- Assignment -
When you restate the records, do so word for word and omit any picture they contain.

- Dataset -
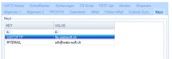 Hier können globale "Key/Value" Paare definiert werden, die an vielen Stellen als Platzhalter eingefügt, sowie in C# Scripten über die Methode "GetKey" verwendet werden können
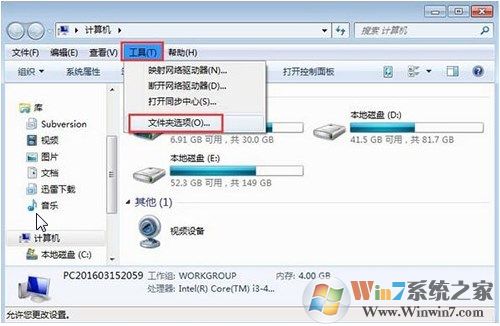 3、然后我們打開計(jì)算機(jī),然后選擇“文件夾選項(xiàng)”,如圖所示:
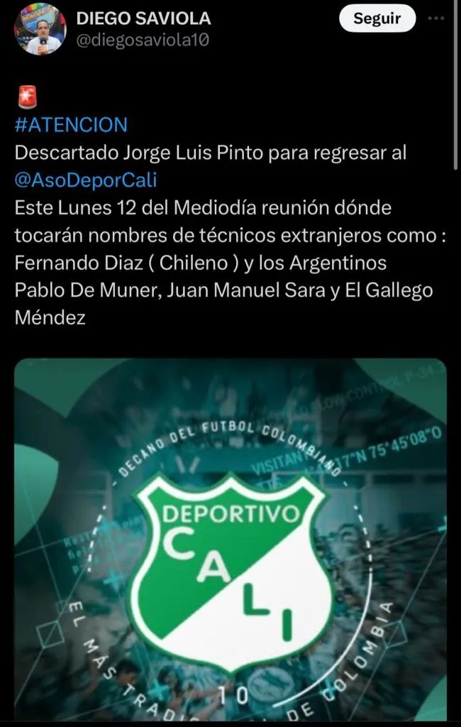 El periodista colombiano, Diego Saviola informó que el club de Cali está analizando opciones para escoger a su nuevo entrenador para esta temporada, en la que aparece el nombre del entrenador de Coquimbo Unido, Fernando Díaz.
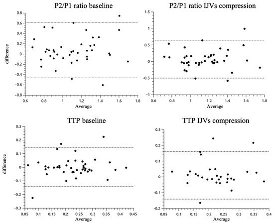 The data were pooled from one 10-min session for each of the 41 patients, resulting in a total sample size of 29.458 cardiac pulses. The Bland–Altman plots for the P2/P1 ratio and TTP for both baseline and with respect to IJV (Figure 4). Thresholds were defined as 1 for P2/P1 ratio and 0.2 for TTP within a 95% limit of agreement.
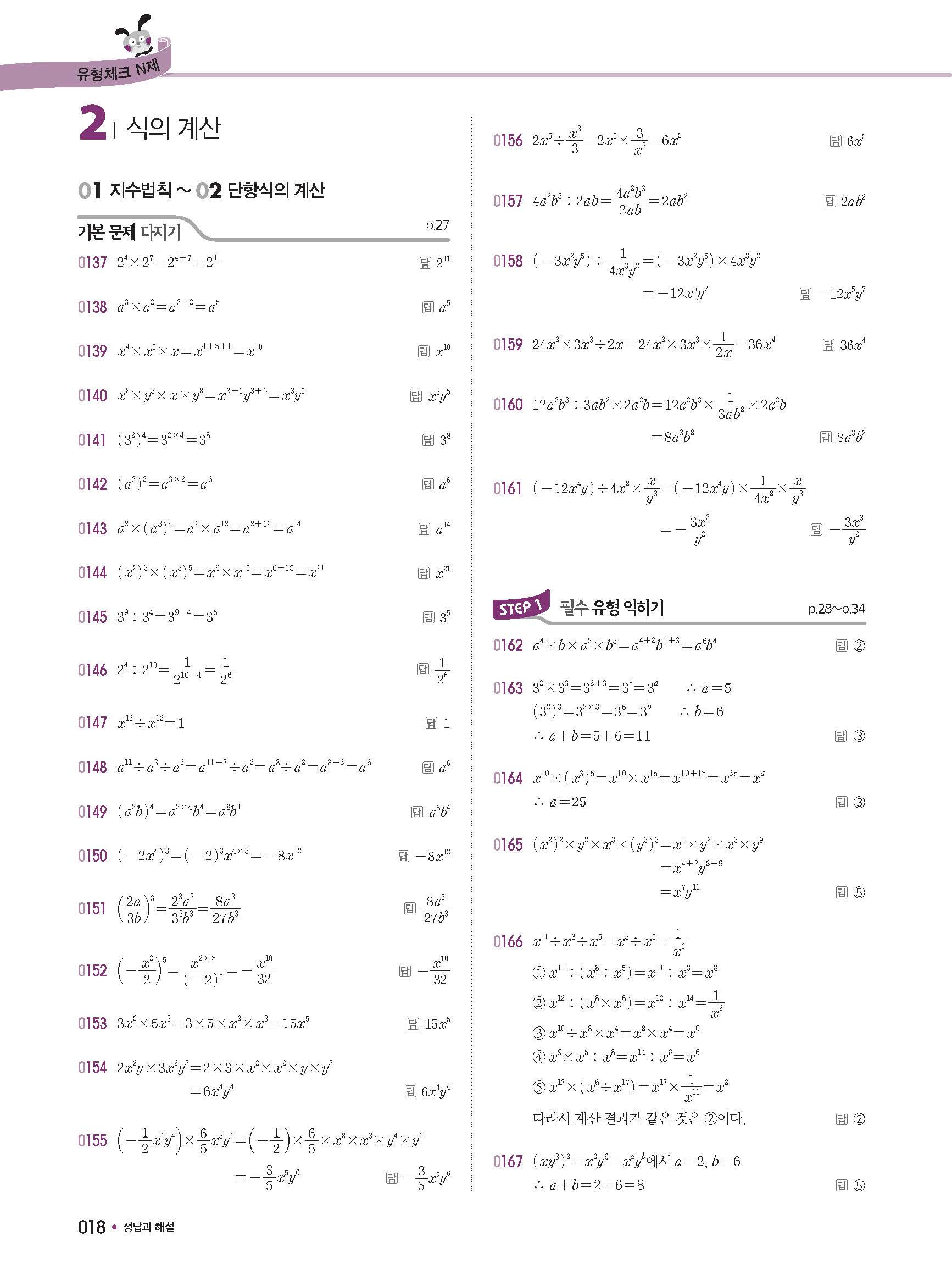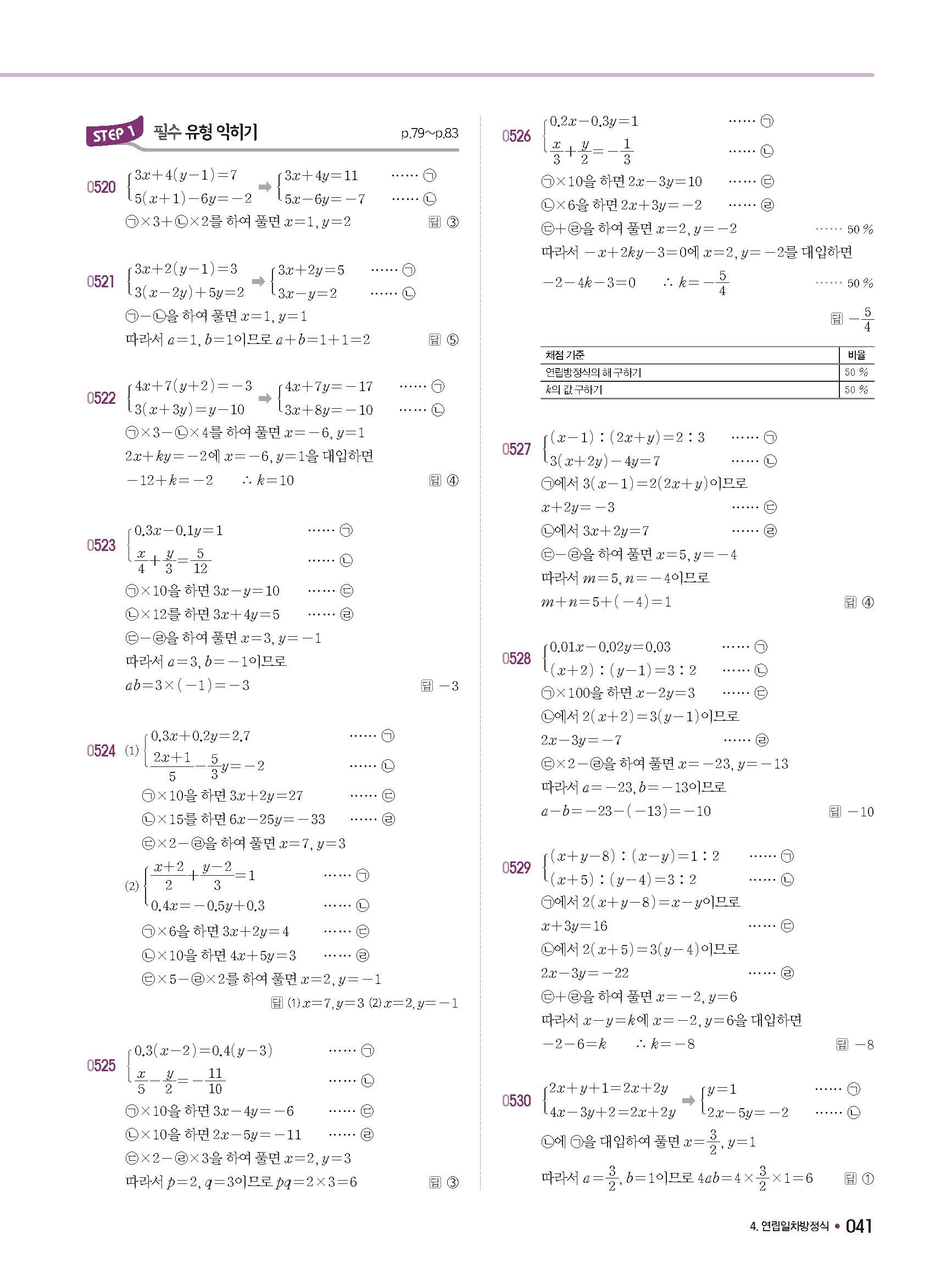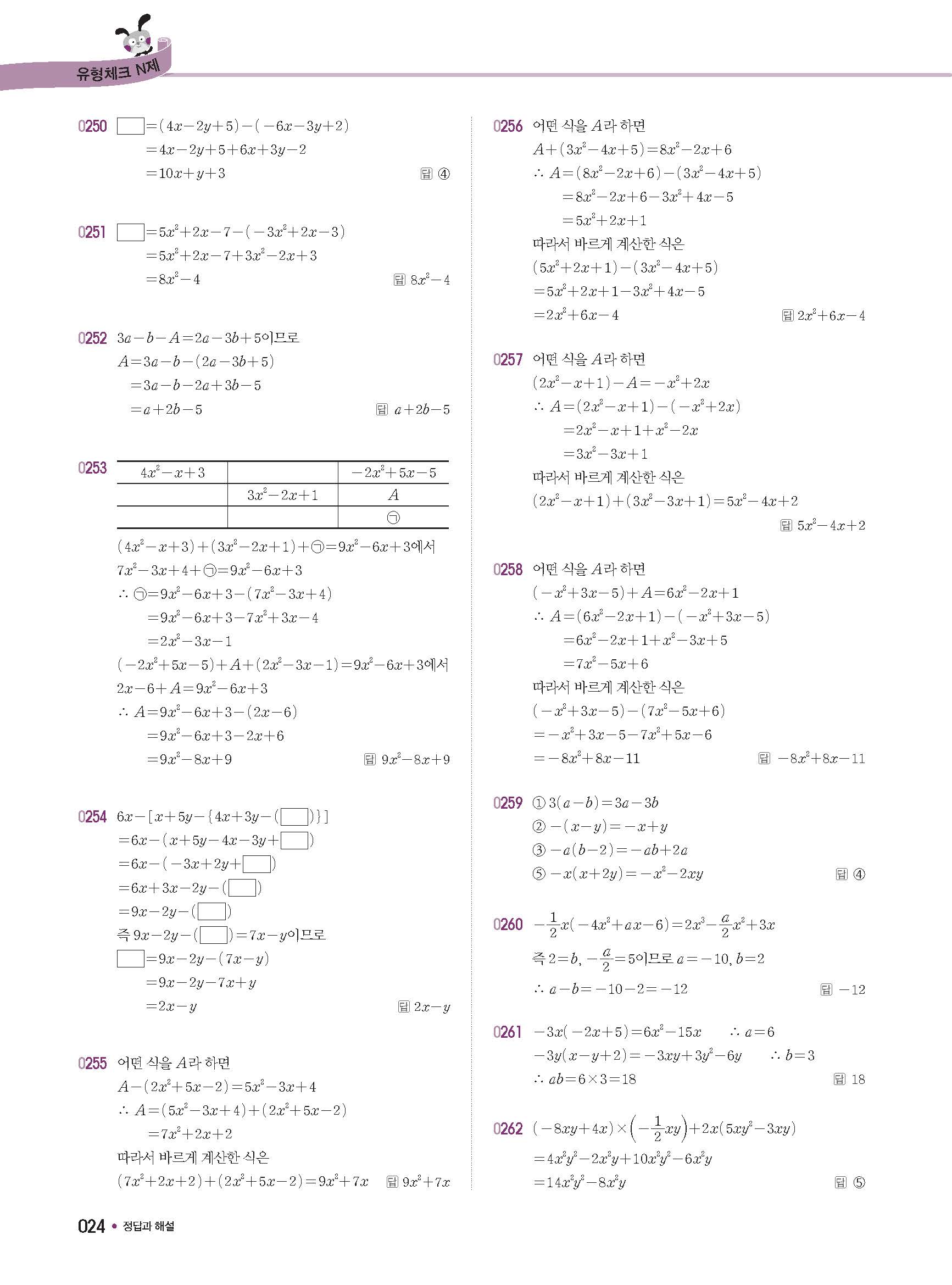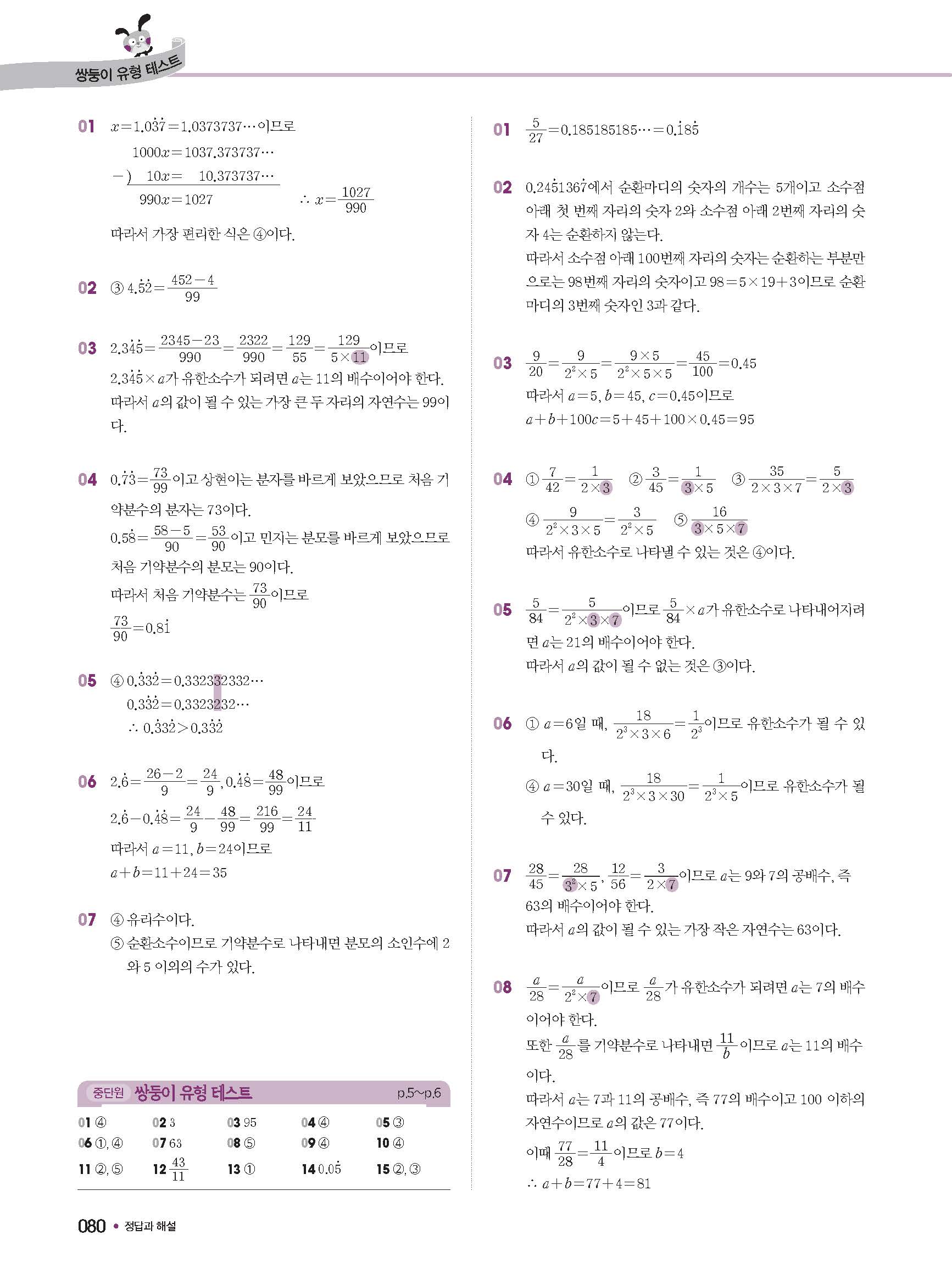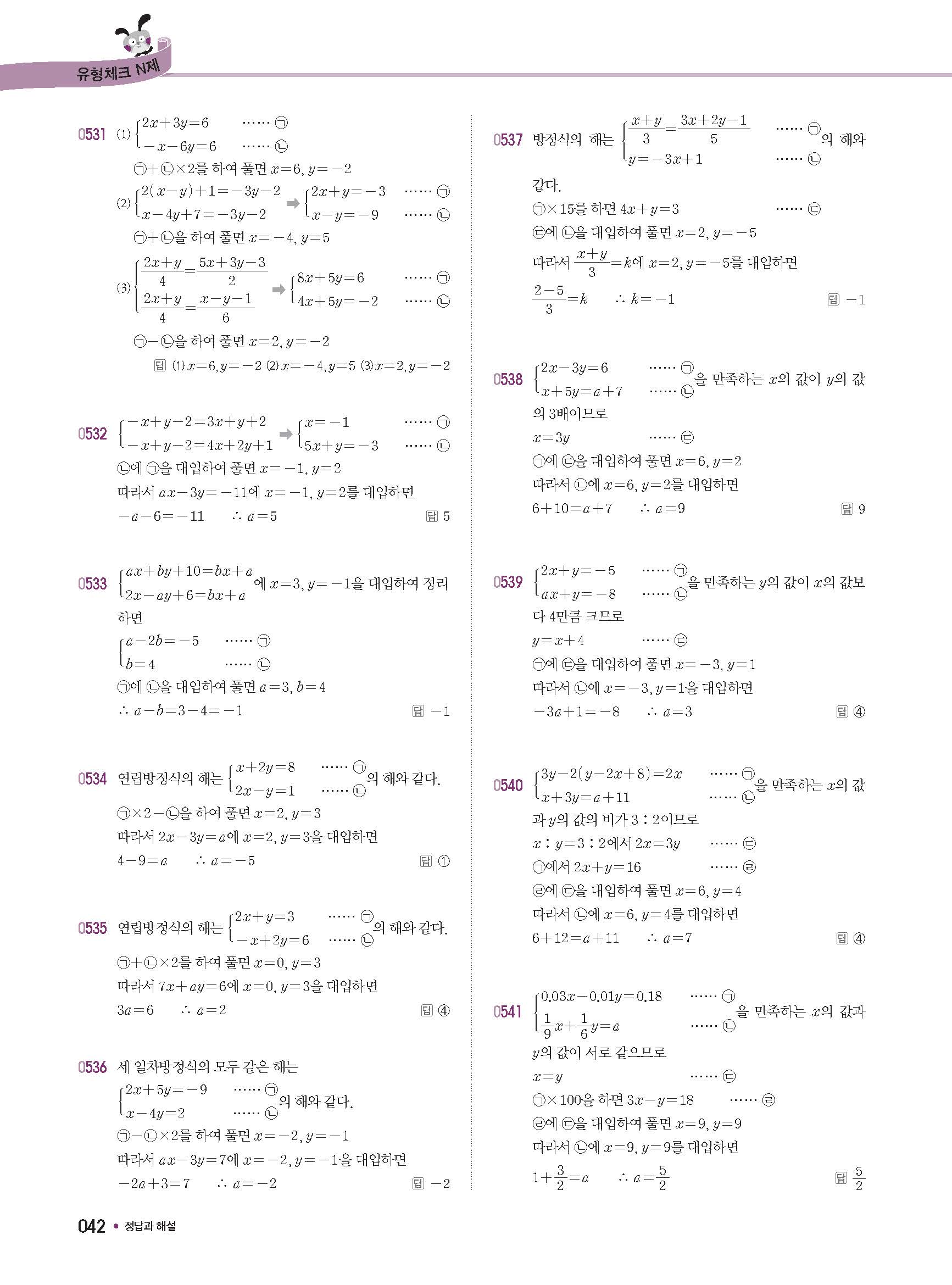 체크체크 중등수학 유형엔제 중2상 2-1 답지 해설 사진답지 빠른답지 모바일최적화
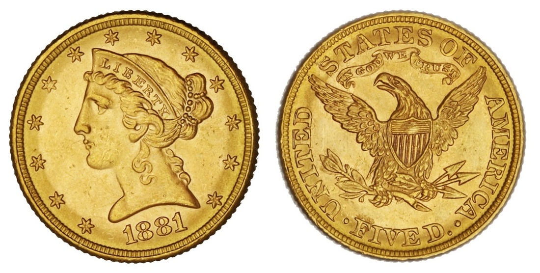 1881-S $5 Liberty. PCGS MS64+.
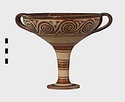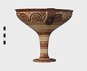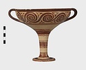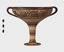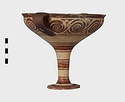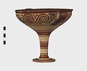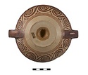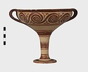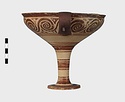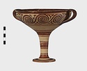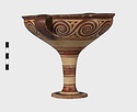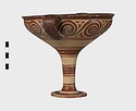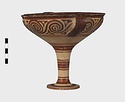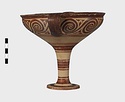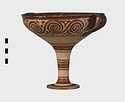 | Description: | Mended from seven pieces; complete except for one handle. Narrow lip out-turned and offset; bowl rounded, relatively deep; band handles scarcely rising above rim; tall slender stem; broad foot with circular depression at center beneath. Lip glazed inside and out; handle glazed outside. Decoration in main zone: double interlocking running spiral with triangular filling ornament above two sets of three narrow bands. Banded stem; one broad and one narrow band, then a broad band between two narrow; and another narrow and broad. The upper part of the foot banded; the edge and outer face glazed. Pale buff clay, smooth lighter buff slip; red-brown glaze, slightly streaked. Amarna parallels for spiral; early 14th c. B.C. Cf. Archaeology 4 (1951) pp. 224-225 for pattern. | |

- Problem solution -
 Hier können globale "Key/Value" Paare definiert werden, die an vielen Stellen als Platzhalter eingefügt, sowie in C# Scripten über die Methode "GetKey" verwendet werden können
 3、然后我們打開計(jì)算機(jī),然后選擇“文件夾選項(xiàng)”,如圖所示:
 El periodista colombiano, Diego Saviola informó que el club de Cali está analizando opciones para escoger a su nuevo entrenador para esta temporada, en la que aparece el nombre del entrenador de Coquimbo Unido, Fernando Díaz.
 The data were pooled from one 10-min session for each of the 41 patients, resulting in a total sample size of 29.458 cardiac pulses. The Bland–Altman plots for the P2/P1 ratio and TTP for both baseline and with respect to IJV (Figure 4). Thresholds were defined as 1 for P2/P1 ratio and 0.2 for TTP within a 95% limit of agreement.
 체크체크 중등수학 유형엔제 중2상 2-1 답지 해설 사진답지 빠른답지 모바일최적화
 1881-S $5 Liberty. PCGS MS64+.
 | Description: | Mended from seven pieces; complete except for one handle. Narrow lip out-turned and offset; bowl rounded, relatively deep; band handles scarcely rising above rim; tall slender stem; broad foot with circular depression at center beneath. Lip glazed inside and out; handle glazed outside. Decoration in main zone: double interlocking running spiral with triangular filling ornament above two sets of three narrow bands. Banded stem; one broad and one narrow band, then a broad band between two narrow; and another narrow and broad. The upper part of the foot banded; the edge and outer face glazed. Pale buff clay, smooth lighter buff slip; red-brown glaze, slightly streaked. Amarna parallels for spiral; early 14th c. B.C. Cf. Archaeology 4 (1951) pp. 224-225 for pattern. | |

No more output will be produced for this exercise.